The Null Device

Chinese zombie ships

Intense competition in the global fishing industry has produced some ruthless efficiencies, such as the Chinese zombie ships. Disintegrating, abandoned pirate vessels off the coast of West Africa are being repurposed into clandestine fishing vessels; patched up just enough to remain more or less afloat, the ships never see a port, with crews, supplies and catches being transferred at sea. The economic desperation of those who work on them means that workers often remain onboard for years, and don't kick up a fuss over things such as safety standards, translating into further efficiencies. This is what streamlining looks like in the grim meathook present:
Here's the thing - these ships seldom, or ever, visit a port. They're re-supplied, refuelled, re-crewed and transhipped (unloaded) at sea. The owners and crews don't seem to do any basic maintenance, apart from keeping the engine and winches running. There's no glass in the portholes, and the masts are a mess of useless wiring. These floating deathtraps don't carry any proper safety gear - on one boat, I saw the half-barrel case of an inflatable liferaft being used to store a net.

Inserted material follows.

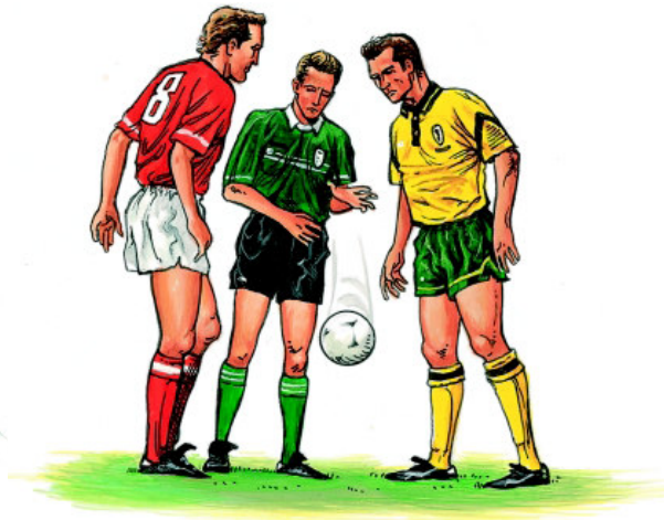
Árbitro y dos jugadores

Back on the Esperanza, we try to put together what we'd witnessed. When asked what it was like 'out there', we answer 'grim'. I wondered how the fishing company could convince these men to spend time living on such dangerous ships, half around the world from their loved ones. Do their families know where they were? These trawlers might be engaged in illegal fishing activities, stealing fish from the countries of West Africa, but it seems that the fishermen themselves are just pawns of some brutal corporate policy, where human life is cheap, and profits take priority.